# Records for the exercise:
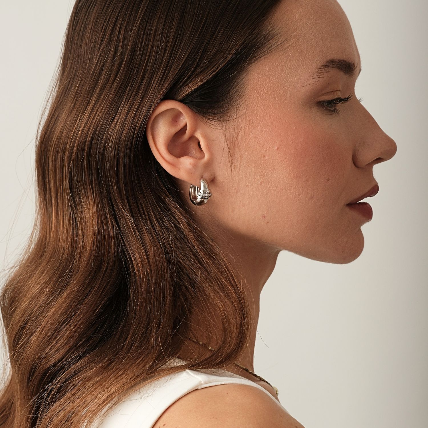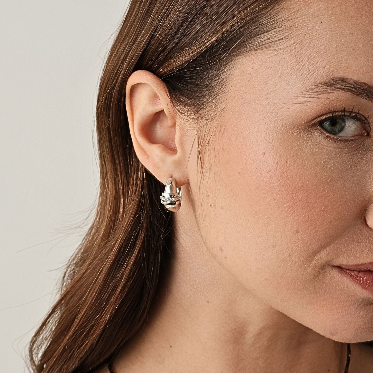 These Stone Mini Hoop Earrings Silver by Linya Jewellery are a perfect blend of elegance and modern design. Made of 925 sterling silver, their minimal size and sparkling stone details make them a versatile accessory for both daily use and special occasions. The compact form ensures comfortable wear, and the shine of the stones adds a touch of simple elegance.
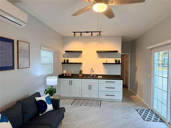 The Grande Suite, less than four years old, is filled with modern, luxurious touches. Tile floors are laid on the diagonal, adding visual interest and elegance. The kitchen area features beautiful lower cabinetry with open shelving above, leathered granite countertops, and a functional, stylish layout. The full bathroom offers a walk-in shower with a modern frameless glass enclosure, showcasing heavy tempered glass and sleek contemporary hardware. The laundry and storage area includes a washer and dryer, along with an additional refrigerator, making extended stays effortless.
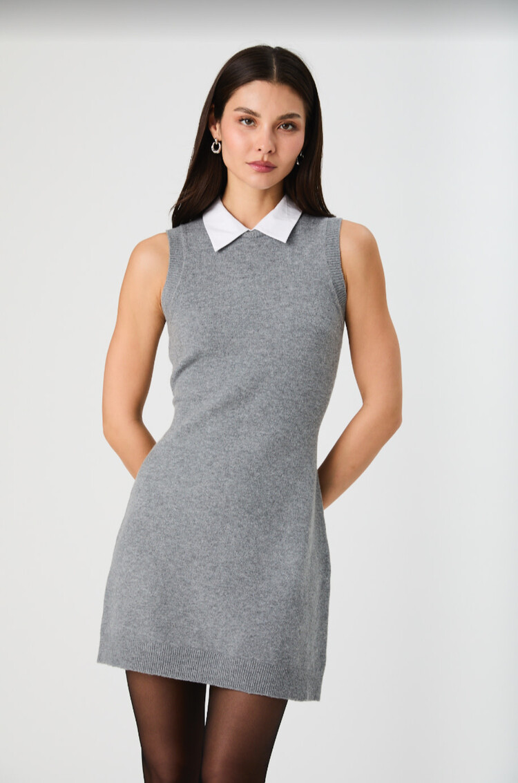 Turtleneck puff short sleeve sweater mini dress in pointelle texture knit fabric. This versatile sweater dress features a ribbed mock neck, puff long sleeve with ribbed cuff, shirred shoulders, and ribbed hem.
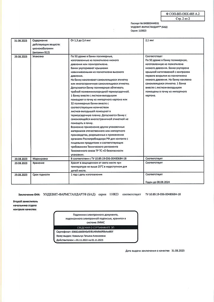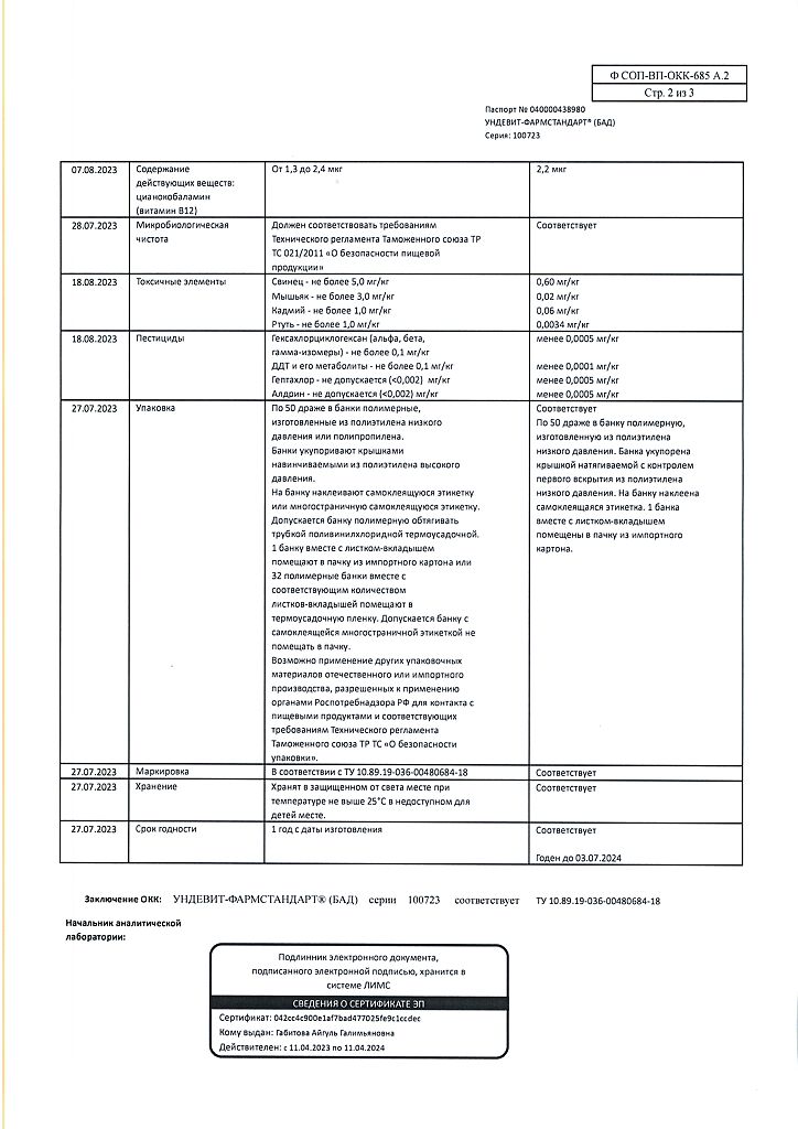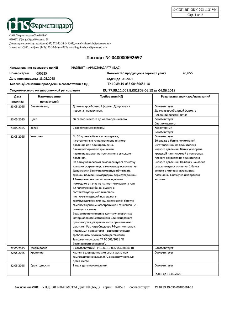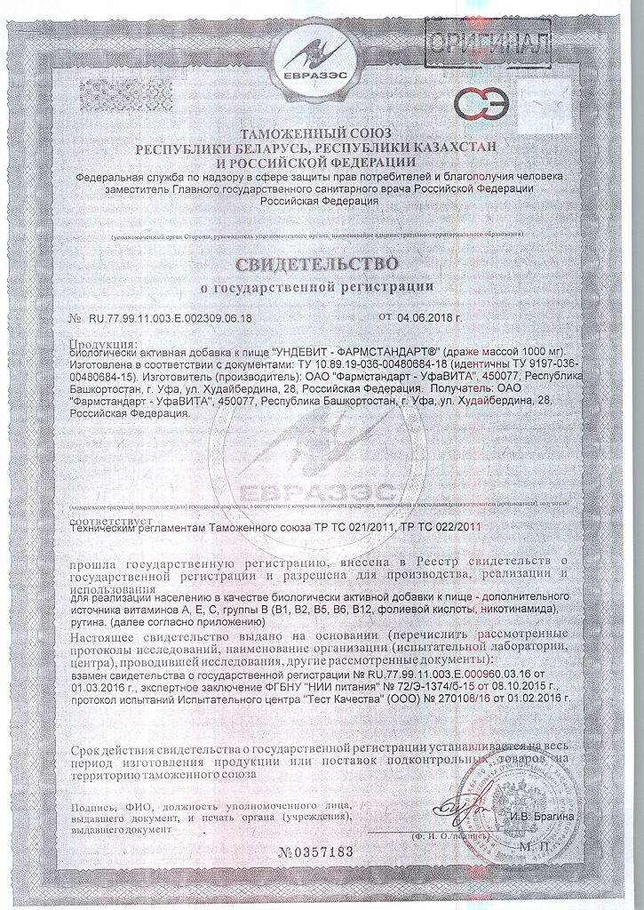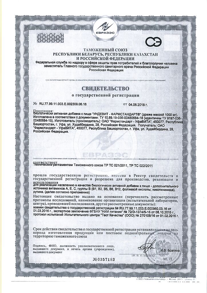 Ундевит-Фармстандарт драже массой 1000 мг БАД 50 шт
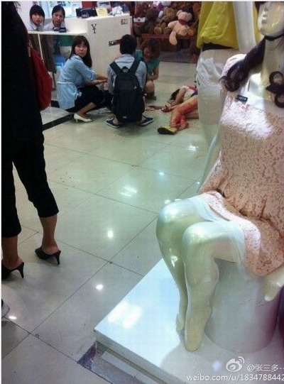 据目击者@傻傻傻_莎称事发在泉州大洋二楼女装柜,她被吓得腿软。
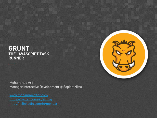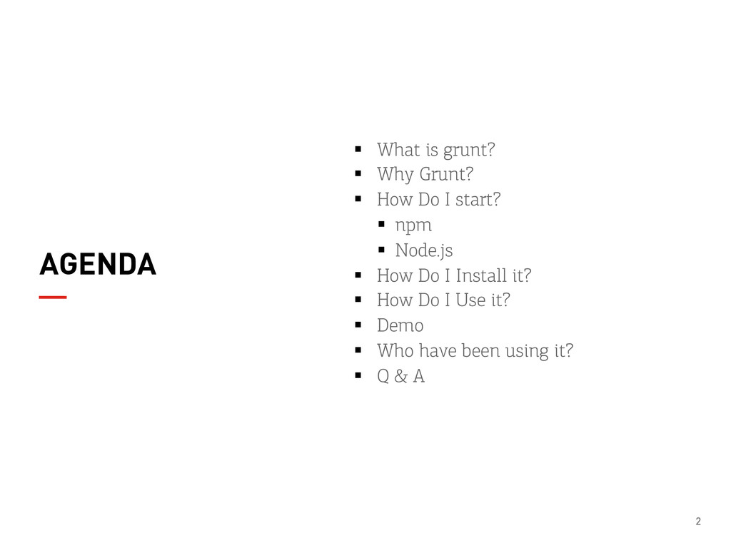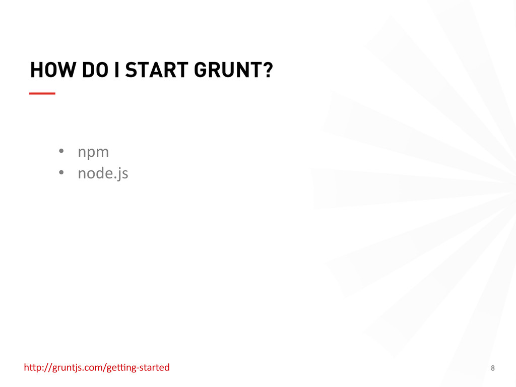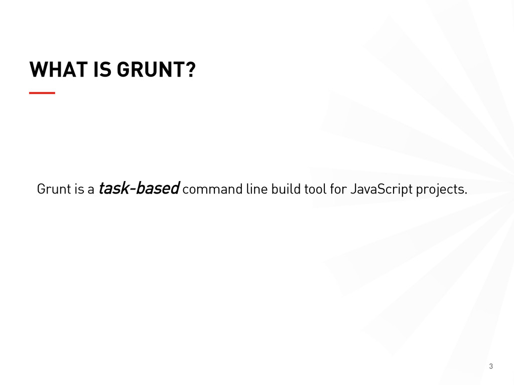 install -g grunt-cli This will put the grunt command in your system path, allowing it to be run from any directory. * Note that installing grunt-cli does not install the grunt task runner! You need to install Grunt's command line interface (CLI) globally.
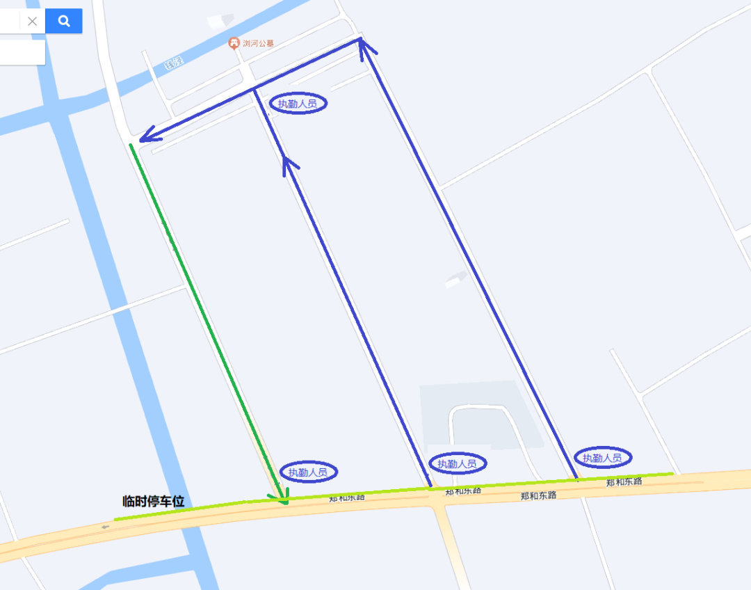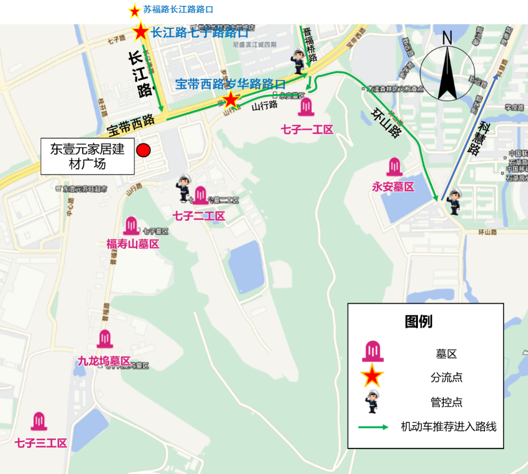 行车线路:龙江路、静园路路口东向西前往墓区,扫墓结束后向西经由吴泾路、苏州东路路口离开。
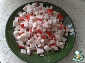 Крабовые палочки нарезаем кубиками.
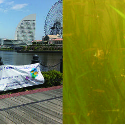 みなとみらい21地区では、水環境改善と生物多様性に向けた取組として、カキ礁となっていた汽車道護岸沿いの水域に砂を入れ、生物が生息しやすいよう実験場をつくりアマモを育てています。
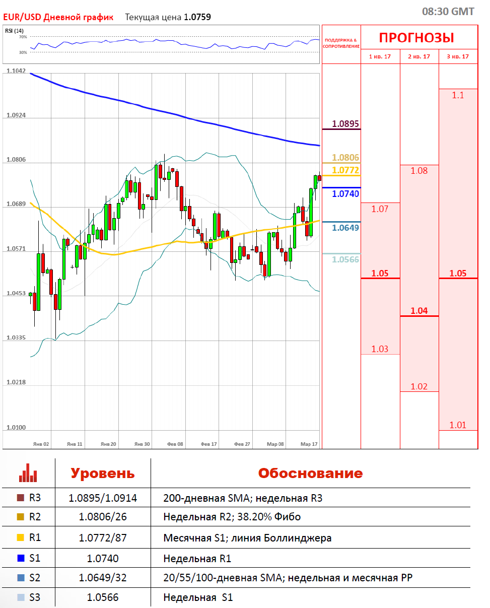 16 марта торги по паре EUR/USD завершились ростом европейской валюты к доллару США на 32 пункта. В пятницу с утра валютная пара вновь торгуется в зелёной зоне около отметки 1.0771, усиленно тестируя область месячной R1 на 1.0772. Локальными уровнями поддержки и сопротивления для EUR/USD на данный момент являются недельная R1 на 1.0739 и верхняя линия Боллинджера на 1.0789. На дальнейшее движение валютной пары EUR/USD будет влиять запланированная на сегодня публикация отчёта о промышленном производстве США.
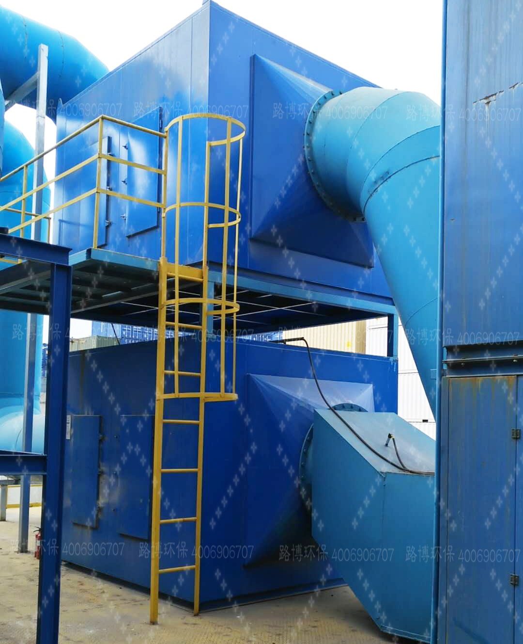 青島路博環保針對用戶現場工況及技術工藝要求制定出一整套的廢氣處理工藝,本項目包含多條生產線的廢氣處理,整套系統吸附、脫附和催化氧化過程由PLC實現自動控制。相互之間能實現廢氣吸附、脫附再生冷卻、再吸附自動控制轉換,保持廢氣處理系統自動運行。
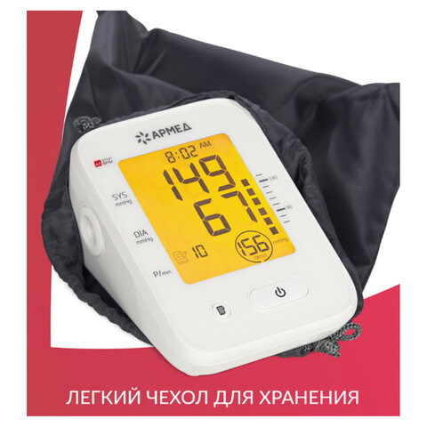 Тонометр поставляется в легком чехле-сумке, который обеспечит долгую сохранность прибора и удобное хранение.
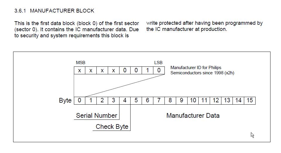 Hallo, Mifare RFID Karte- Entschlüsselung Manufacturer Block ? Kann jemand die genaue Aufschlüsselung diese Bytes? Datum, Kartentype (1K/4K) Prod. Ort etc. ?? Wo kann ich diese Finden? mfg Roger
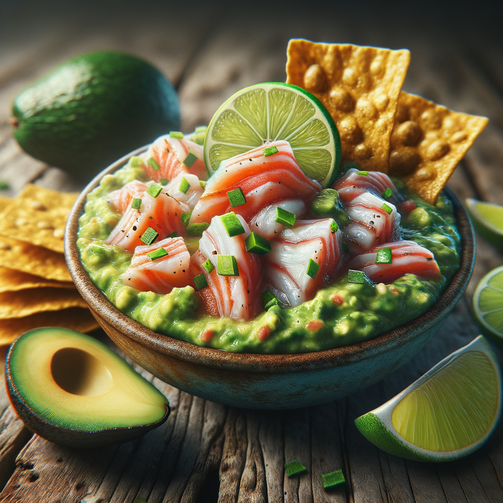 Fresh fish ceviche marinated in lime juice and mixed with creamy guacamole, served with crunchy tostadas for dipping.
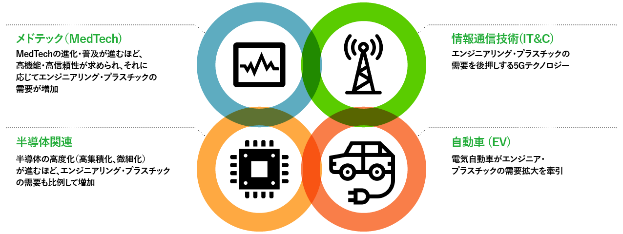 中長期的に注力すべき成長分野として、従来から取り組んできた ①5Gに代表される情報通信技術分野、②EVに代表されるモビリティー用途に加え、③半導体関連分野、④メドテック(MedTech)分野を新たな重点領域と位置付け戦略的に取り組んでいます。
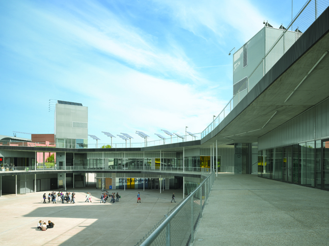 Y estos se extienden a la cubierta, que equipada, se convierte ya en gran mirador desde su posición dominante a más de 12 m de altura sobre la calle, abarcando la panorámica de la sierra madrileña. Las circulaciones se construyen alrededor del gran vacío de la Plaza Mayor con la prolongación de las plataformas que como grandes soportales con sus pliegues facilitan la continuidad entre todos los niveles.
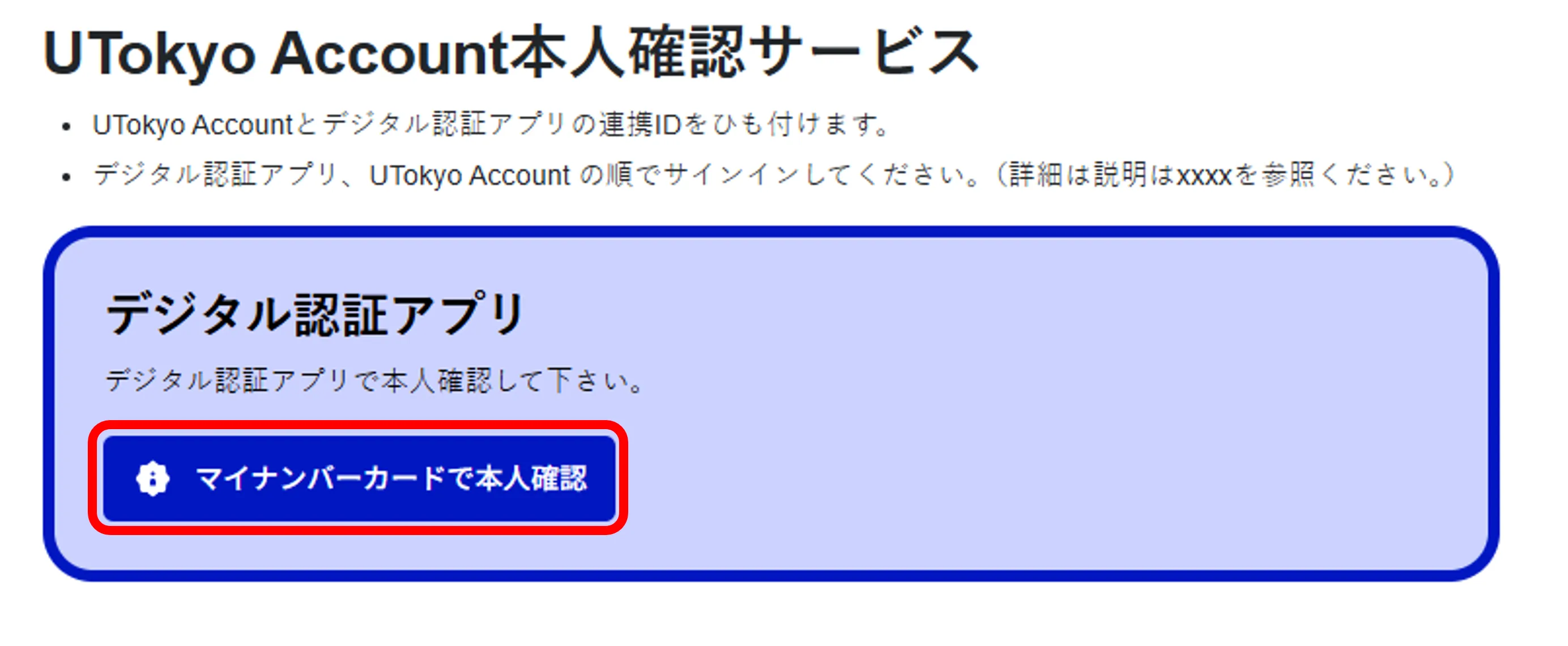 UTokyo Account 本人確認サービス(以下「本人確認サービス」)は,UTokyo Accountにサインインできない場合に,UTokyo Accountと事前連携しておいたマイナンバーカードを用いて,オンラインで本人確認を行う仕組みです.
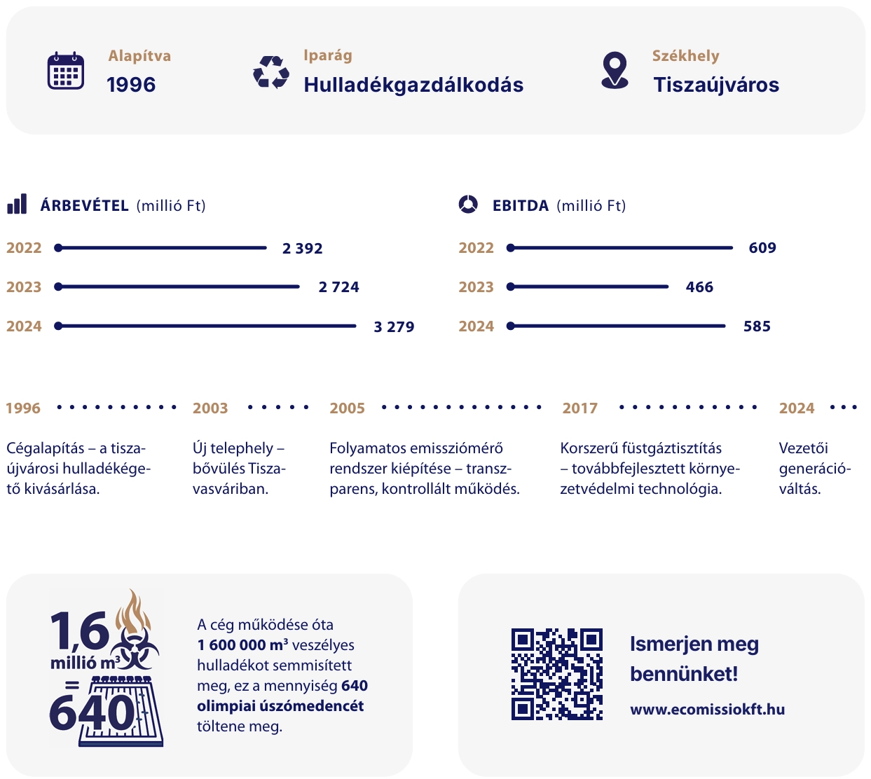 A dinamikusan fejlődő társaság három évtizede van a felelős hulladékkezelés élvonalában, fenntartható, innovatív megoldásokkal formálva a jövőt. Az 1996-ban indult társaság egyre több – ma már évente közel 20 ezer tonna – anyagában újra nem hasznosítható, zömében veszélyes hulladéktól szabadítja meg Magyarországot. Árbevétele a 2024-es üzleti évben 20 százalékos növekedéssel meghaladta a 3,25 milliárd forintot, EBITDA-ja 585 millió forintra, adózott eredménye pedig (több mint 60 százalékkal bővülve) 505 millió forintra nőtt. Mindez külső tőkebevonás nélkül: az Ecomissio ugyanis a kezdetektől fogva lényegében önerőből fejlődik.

# Requirement:
From the first line to the last, retype the entries above exactly, minus the pictures.

# Reply:
 These Stone Mini Hoop Earrings Silver by Linya Jewellery are a perfect blend of elegance and modern design. Made of 925 sterling silver, their minimal size and sparkling stone details make them a versatile accessory for both daily use and special occasions. The compact form ensures comfortable wear, and the shine of the stones adds a touch of simple elegance.
 The Grande Suite, less than four years old, is filled with modern, luxurious touches. Tile floors are laid on the diagonal, adding visual interest and elegance. The kitchen area features beautiful lower cabinetry with open shelving above, leathered granite countertops, and a functional, stylish layout. The full bathroom offers a walk-in shower with a modern frameless glass enclosure, showcasing heavy tempered glass and sleek contemporary hardware. The laundry and storage area includes a washer and dryer, along with an additional refrigerator, making extended stays effortless.
 Turtleneck puff short sleeve sweater mini dress in pointelle texture knit fabric. This versatile sweater dress features a ribbed mock neck, puff long sleeve with ribbed cuff, shirred shoulders, and ribbed hem.
 Ундевит-Фармстандарт драже массой 1000 мг БАД 50 шт
 据目击者@傻傻傻_莎称事发在泉州大洋二楼女装柜,她被吓得腿软。
 install -g grunt-cli This will put the grunt command in your system path, allowing it to be run from any directory. * Note that installing grunt-cli does not install the grunt task runner! You need to install Grunt's command line interface (CLI) globally.
 行车线路:龙江路、静园路路口东向西前往墓区,扫墓结束后向西经由吴泾路、苏州东路路口离开。
 Крабовые палочки нарезаем кубиками.
 みなとみらい21地区では、水環境改善と生物多様性に向けた取組として、カキ礁となっていた汽車道護岸沿いの水域に砂を入れ、生物が生息しやすいよう実験場をつくりアマモを育てています。
 16 марта торги по паре EUR/USD завершились ростом европейской валюты к доллару США на 32 пункта. В пятницу с утра валютная пара вновь торгуется в зелёной зоне около отметки 1.0771, усиленно тестируя область месячной R1 на 1.0772. Локальными уровнями поддержки и сопротивления для EUR/USD на данный момент являются недельная R1 на 1.0739 и верхняя линия Боллинджера на 1.0789. На дальнейшее движение валютной пары EUR/USD будет влиять запланированная на сегодня публикация отчёта о промышленном производстве США.
 青島路博環保針對用戶現場工況及技術工藝要求制定出一整套的廢氣處理工藝,本項目包含多條生產線的廢氣處理,整套系統吸附、脫附和催化氧化過程由PLC實現自動控制。相互之間能實現廢氣吸附、脫附再生冷卻、再吸附自動控制轉換,保持廢氣處理系統自動運行。
 Тонометр поставляется в легком чехле-сумке, который обеспечит долгую сохранность прибора и удобное хранение.
 Hallo, Mifare RFID Karte- Entschlüsselung Manufacturer Block ? Kann jemand die genaue Aufschlüsselung diese Bytes? Datum, Kartentype (1K/4K) Prod. Ort etc. ?? Wo kann ich diese Finden? mfg Roger
 Fresh fish ceviche marinated in lime juice and mixed with creamy guacamole, served with crunchy tostadas for dipping.
 中長期的に注力すべき成長分野として、従来から取り組んできた ①5Gに代表される情報通信技術分野、②EVに代表されるモビリティー用途に加え、③半導体関連分野、④メドテック(MedTech)分野を新たな重点領域と位置付け戦略的に取り組んでいます。
 Y estos se extienden a la cubierta, que equipada, se convierte ya en gran mirador desde su posición dominante a más de 12 m de altura sobre la calle, abarcando la panorámica de la sierra madrileña. Las circulaciones se construyen alrededor del gran vacío de la Plaza Mayor con la prolongación de las plataformas que como grandes soportales con sus pliegues facilitan la continuidad entre todos los niveles.
 UTokyo Account 本人確認サービス(以下「本人確認サービス」)は,UTokyo Accountにサインインできない場合に,UTokyo Accountと事前連携しておいたマイナンバーカードを用いて,オンラインで本人確認を行う仕組みです.
 A dinamikusan fejlődő társaság három évtizede van a felelős hulladékkezelés élvonalában, fenntartható, innovatív megoldásokkal formálva a jövőt. Az 1996-ban indult társaság egyre több – ma már évente közel 20 ezer tonna – anyagában újra nem hasznosítható, zömében veszélyes hulladéktól szabadítja meg Magyarországot. Árbevétele a 2024-es üzleti évben 20 százalékos növekedéssel meghaladta a 3,25 milliárd forintot, EBITDA-ja 585 millió forintra, adózott eredménye pedig (több mint 60 százalékkal bővülve) 505 millió forintra nőtt. Mindez külső tőkebevonás nélkül: az Ecomissio ugyanis a kezdetektől fogva lényegében önerőből fejlődik.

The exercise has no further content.